▶ _YOUR GOAL_:
Exactly as they appear below, repeat the lines from the one with "Kancelaria-madon.pl to podmiot" through the one with "玄関から居室までに長めの廊下", and no others.

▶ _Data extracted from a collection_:
····················

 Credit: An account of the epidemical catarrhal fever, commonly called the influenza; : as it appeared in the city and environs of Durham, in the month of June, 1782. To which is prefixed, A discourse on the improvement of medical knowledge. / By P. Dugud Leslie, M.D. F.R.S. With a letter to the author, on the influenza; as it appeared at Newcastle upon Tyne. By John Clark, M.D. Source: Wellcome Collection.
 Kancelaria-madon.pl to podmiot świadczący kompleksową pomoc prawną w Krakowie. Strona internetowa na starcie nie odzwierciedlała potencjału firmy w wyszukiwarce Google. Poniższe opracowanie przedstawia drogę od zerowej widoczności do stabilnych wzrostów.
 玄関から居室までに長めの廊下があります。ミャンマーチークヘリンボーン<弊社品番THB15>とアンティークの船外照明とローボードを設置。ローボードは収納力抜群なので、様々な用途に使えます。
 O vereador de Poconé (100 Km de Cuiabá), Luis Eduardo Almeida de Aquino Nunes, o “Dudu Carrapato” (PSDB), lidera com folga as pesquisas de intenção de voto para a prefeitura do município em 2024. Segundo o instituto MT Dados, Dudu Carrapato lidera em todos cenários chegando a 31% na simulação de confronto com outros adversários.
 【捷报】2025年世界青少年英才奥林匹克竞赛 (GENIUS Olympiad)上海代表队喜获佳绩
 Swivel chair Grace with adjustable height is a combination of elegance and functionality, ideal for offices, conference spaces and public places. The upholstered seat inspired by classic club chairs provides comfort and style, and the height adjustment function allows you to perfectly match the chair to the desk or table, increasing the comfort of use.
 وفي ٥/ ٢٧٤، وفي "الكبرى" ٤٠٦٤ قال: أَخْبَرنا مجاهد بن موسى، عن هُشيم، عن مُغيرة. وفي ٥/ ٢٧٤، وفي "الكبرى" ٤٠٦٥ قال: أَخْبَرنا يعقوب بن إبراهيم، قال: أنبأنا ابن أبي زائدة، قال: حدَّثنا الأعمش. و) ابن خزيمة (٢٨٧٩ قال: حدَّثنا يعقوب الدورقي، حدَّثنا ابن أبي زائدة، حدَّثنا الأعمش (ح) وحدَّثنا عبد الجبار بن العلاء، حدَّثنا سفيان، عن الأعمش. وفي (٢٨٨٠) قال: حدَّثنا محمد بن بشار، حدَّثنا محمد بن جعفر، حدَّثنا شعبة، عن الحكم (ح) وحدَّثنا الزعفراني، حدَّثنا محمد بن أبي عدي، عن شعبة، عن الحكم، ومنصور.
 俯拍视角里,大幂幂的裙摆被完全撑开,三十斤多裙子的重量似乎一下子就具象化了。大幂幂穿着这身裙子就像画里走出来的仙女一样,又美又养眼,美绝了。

····················

▶ _RESULT_:
 Kancelaria-madon.pl to podmiot świadczący kompleksową pomoc prawną w Krakowie. Strona internetowa na starcie nie odzwierciedlała potencjału firmy w wyszukiwarce Google. Poniższe opracowanie przedstawia drogę od zerowej widoczności do stabilnych wzrostów.
 玄関から居室までに長めの廊下があります。ミャンマーチークヘリンボーン<弊社品番THB15>とアンティークの船外照明とローボードを設置。ローボードは収納力抜群なので、様々な用途に使えます。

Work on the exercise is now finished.